Like many conservatives, I think President Bush's decision to invade Iraq and dethrone Saddam Hussein was a brave, right, and necessary decision, and an essential part of a much larger war we have no choice but to fight and win—the global, 21st-century war against Islamofascist supremacy and terror. And like many conservatives, I think the Bush administration handled the invasion of Iraq brilliantly, but made an awful mess of the post-invasion period.

In 2003, 2004, and 2005 (three times—here, here, and here), I argued with increasing urgency that to win the post-invasion battle, we needed to take three big, bold steps. In 2006, as the bloodshed in Iraq persisted and the regional situation deteriorated, I stopped criticizing our policies in Iraq for the same reason many other conservatives have lately been reluctant to do so: for fear of adding weight to a Leftist alternative that is even worse. Of course we can't just cut and run in Iraq. We must make a serious effort to salvage what we can. But whatever the outcome there, we confront a greater danger in Iran now, and we must do all we can to make sure Americans don't draw the wrong conclusions about what our mistakes in Iraq were and who made them—conclusions that will make us too timid to save ourselves from the Iranian menace that looms before us today.

The surest way to draw those wrong conclusions would be to accept the analysis of the rebel generals currently baying for our Defense secretary's head, because the three mistakes they harp on aren't mistakes at all, and the three big mistakes we really did make weren't made by Donald Rumsfeld. They are the mistakes of the State Department, the CIA, and the rebel generals themselves, along with two other mistake-prone groups David Frum rightly added to my April 30 list in May 2004: "the British Foreign Office," and "most of the better-known foreign policy pundits." But it was John O'Sullivan in a National Review piece later that same May who put the responsibility for all our major decisions in Iraq—the winning ones and the losing ones—squarely where it belongs: on the shoulders of the man in charge, the man who tried to have it both ways, our president.

RUMSFELDÂ’S PLAN WAS RIGHT

The rebel generals and their think-alikes claim mistake number one was inadequate planning for the post-invasion period. Rumsfeld and his allies in Vice President Cheney's office didn't think we needed elaborate, bureaucratic American plans; they thought we needed to empower strong Iraqi leaders right away, and they were right. Our first big mistake was to bypass Rumsfeld and our Iraqi National Congress allies, and turn the occupation over to Paul Bremer, an arrogant, appeasement-minded State-CIA type who treated our INC allies with contempt, and courted divisive, greedy, and openly hostile Iraqi elements with a condescending and ineffectual mix of small carrots and smaller sticks.

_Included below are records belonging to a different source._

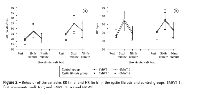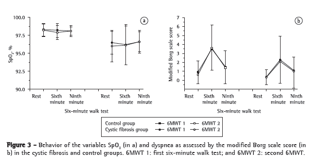 DiscussionThe search for inexpensive, user-friendly tools for the assessment and monitoring of chronic pulmonary diseases is a recent concern in the international literature. In our study, the 6MWD was shorter among the individuals with cystic fibrosis than among the healthy individuals. To date, there have been only six studies comparing cystic fibrosis patients and controls in terms of their performance on the 6MWT; only three of those studies have reported mean ages close to those of our sample.
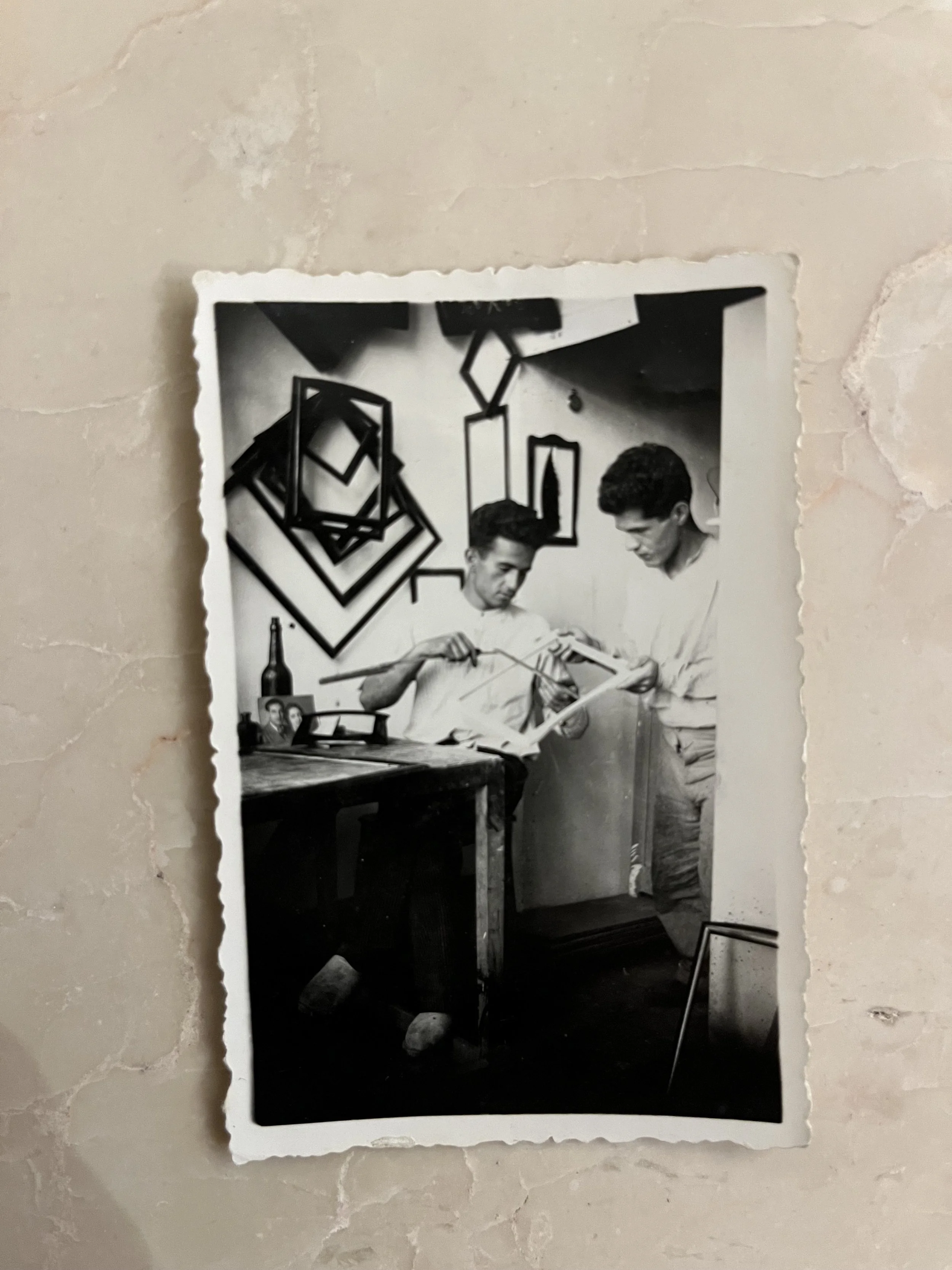 My grandfather on the left , at his atelier.
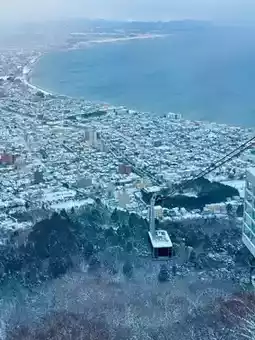 Arrive in Hakodate at noon and head straight for Hachiman Slope, where the road ends at the sea. Then follow the mountain road uphill to the Hakodate Mountain cable car station🚠

Rumsfeld and his supporters wanted to put the leaders of the INC in full charge of a forceful Iraqi transition government with all the powers necessary to create the pre-conditions for democracy: order and hope. To that end, they needed to de-Baathify the country aggressively, tame or eliminate violent Shiite militias, repair critical infrastructure, get oil revenue flowing again, and see to it that every peaceful Iraqi citizen got a check for his share of it. That's what secular Shiites like Ahmed Chalabi, secular Sunnis like Mithal al-Alusi, and their Kurdish INC partners wanted to do, and we should have backed them, without ambivalence or apology, with our full military might.

Afterwards, we should have given them whatever additional time they needed to gradually work out and apply a new set of rules for their own Iraqi brand of democracy. Instead, we put a camera-hogging American civilian in charge and let him waste a critical year in a vain attempt to placate foreign Sunni despots as well as hostile Iraqi Sunni and Shiite groups by micromanaging a long drawn-out "process" that was supposed to lead to an all-inclusive Iraqi democracy but in fact led only to disorder, distrust, and growing sectarian violence.

STRENGTH, NOT SENSITIVITY

Our second big mistake was not, as the rebel generals insist, a lack of "sensitivity"—either to their demands for a vast increase in the number of American troops deployed, or to the finer nuances of Iraqi culture. It was our failure to recognize irredeemable Iraqi enemies as such, and to take bold, decisive military action against them, and especially, against their leaders. It was a mistake to negotiate with the brutal Baathist generals behind the Sunni mob that lynched American civilians in Fallujah; we should have wiped them out. It was a mistake to let the vicious, Iranian-backed Shiite mob leader, Moqtada al Sadr, live, after he sent his thugs out to maim and kill our troops.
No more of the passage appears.